Литмир - Электронная Библиотека

По-хорошему, я должна буду рассказать об увиденном миссис Хенс. Но с другой стороны, я задумалась, а чтобы сделали остальные? Мэтью, наверняка, даже и не заметил их, но если бы вдруг поднял голову, то отвернулся в эту же секунду, не задумываясь об увиденном. А Бетти настолько бы испугалась, что никогда не смогла рассказать кому-то, даже собственным игрушкам, о таком. И после этого встает эгоистичный, но очевидный вопрос: если всем плевать друг на друга, то почему меня должны интересовать их проблемы?

Размышляя об этом, я очнулась только тогда, когда услышала собачий лай. Вернее, не совсем его, а отрывистое тявканье, больше похожее на писк. Я повернула голову в сторону миниатюрного домика миссис Дагсон: в светлом окошке, прямо на подоконнике, сидел тот самый выделяющийся среди своих братьев и сестер белоснежный щенок. Он бил своими крошечными лапками по стеклу и смотрел на меня так пристально, что я замедлила шаг. На улице сейчас была только я одна, и, без сомнения, этот маленький проказник рвался ко мне.

Я вздохнула. Может быть, щенок почувствовал связь между нами.
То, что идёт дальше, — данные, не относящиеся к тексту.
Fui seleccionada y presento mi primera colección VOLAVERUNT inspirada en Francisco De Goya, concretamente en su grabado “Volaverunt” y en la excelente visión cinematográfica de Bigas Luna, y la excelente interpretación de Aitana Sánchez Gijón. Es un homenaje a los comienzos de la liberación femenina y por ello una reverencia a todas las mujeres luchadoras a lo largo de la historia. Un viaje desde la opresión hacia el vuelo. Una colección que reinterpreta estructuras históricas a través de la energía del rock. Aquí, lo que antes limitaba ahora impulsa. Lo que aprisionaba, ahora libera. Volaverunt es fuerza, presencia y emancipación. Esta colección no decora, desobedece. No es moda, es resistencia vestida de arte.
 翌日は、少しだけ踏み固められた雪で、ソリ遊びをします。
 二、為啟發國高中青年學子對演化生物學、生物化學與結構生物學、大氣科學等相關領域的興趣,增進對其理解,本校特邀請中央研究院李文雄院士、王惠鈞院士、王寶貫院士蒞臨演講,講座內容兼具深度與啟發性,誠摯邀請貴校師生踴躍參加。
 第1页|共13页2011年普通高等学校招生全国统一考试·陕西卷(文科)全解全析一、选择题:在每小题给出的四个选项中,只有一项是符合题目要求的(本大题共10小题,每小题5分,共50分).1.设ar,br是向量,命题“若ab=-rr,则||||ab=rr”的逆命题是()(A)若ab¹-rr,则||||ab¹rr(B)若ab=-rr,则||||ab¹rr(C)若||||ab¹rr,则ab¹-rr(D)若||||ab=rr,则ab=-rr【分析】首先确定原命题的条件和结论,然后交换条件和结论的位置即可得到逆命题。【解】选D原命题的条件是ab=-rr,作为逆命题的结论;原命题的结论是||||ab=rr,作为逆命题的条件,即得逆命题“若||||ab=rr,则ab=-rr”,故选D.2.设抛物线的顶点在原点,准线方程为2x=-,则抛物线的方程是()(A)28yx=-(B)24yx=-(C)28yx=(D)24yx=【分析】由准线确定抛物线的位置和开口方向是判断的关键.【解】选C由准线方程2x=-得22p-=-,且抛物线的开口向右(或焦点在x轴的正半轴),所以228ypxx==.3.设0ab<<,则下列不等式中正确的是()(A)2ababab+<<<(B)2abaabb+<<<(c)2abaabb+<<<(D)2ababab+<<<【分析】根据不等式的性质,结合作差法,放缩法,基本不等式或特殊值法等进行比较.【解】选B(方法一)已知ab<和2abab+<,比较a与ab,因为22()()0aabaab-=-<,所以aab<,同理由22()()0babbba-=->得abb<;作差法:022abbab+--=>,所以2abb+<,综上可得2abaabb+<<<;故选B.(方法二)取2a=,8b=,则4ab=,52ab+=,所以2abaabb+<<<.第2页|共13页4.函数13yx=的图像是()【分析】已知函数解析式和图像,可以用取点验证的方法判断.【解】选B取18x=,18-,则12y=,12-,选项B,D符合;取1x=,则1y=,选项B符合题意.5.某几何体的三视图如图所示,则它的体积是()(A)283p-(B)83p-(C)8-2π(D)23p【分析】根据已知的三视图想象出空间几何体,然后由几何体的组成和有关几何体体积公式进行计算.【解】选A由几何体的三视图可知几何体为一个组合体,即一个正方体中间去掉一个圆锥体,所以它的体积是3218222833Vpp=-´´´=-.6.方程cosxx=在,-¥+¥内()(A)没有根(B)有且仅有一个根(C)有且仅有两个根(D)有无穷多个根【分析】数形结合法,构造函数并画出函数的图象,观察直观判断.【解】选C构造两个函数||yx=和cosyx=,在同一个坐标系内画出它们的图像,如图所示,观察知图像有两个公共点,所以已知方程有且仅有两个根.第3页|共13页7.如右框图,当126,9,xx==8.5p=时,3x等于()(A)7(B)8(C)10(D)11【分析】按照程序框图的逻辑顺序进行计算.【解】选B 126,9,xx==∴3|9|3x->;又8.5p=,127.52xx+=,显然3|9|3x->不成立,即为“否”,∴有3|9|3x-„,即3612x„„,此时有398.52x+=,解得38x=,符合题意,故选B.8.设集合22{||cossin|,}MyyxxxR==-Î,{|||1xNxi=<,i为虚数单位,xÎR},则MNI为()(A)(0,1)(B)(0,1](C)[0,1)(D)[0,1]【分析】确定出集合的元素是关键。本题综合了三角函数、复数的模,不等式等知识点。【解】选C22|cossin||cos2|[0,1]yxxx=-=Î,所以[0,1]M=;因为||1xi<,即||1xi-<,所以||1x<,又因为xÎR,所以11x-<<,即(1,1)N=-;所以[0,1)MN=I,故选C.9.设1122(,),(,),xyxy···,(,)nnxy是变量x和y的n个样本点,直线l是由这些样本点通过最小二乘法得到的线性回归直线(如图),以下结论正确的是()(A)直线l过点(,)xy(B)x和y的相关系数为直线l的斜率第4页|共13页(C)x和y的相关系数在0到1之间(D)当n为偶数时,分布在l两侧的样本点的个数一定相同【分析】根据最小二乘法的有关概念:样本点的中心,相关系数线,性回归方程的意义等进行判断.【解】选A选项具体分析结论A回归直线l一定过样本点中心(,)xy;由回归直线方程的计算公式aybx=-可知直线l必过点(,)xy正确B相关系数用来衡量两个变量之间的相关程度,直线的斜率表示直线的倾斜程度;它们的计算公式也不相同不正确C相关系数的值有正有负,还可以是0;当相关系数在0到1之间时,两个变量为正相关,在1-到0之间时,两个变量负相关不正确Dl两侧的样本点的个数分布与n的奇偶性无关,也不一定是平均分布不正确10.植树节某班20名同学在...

Он тоже, как и я сама, выделяется среди других, и, возможно, его тоже не принимают таким, какой он есть. Иначе почему он сидит возле окна один, пока остальные наверняка либо резвятся, либо уже давно спят. Но у нас с этим маленьким комочком есть и существенное различие: несмотря на его окрас, миссис Дагсон, которая прямо сейчас подошла к окну, помахав мне и забрав щенка на руки, не пытается изменить его. Это будет выглядеть слишком бредово, если она вдруг купит краску и начнет красить его в черный. После такого пострадает ничем неповинное существо, и в итоге краска вновь смоется, и он станет таким, как прежде.

Так почему же меня так яростно хотят изменить. Мисс Одли словно хочет перекрасить меня в другой цвет, даже не осознавая, что в первую очередь пострадаю я сама. Теперь она передала эту абсурдную эстафету миссис Хенс, которая так и ждет, когда я сама начну понимать, насколько я неправильна для этого мира.

Как это не тяжело осознавать, но каждому человеку пытаются внушить какую-то ложную истину. Особенно это проявляется в городах типа Стогвурда. Если ты отличаешься, если ты не веришь в то, во что верят другие, если ты не поддерживаешь или не отрицаешь то, что поддерживают или отрицают другие – ты неправильный, ты изгой, ты тот самый белый щенок среди своих угольно-черных братьев и сестер. И никто никогда даже не задумывается над тем, чтобы дать шанс тому, кто так сильно, как многим кажется, отличается от нас.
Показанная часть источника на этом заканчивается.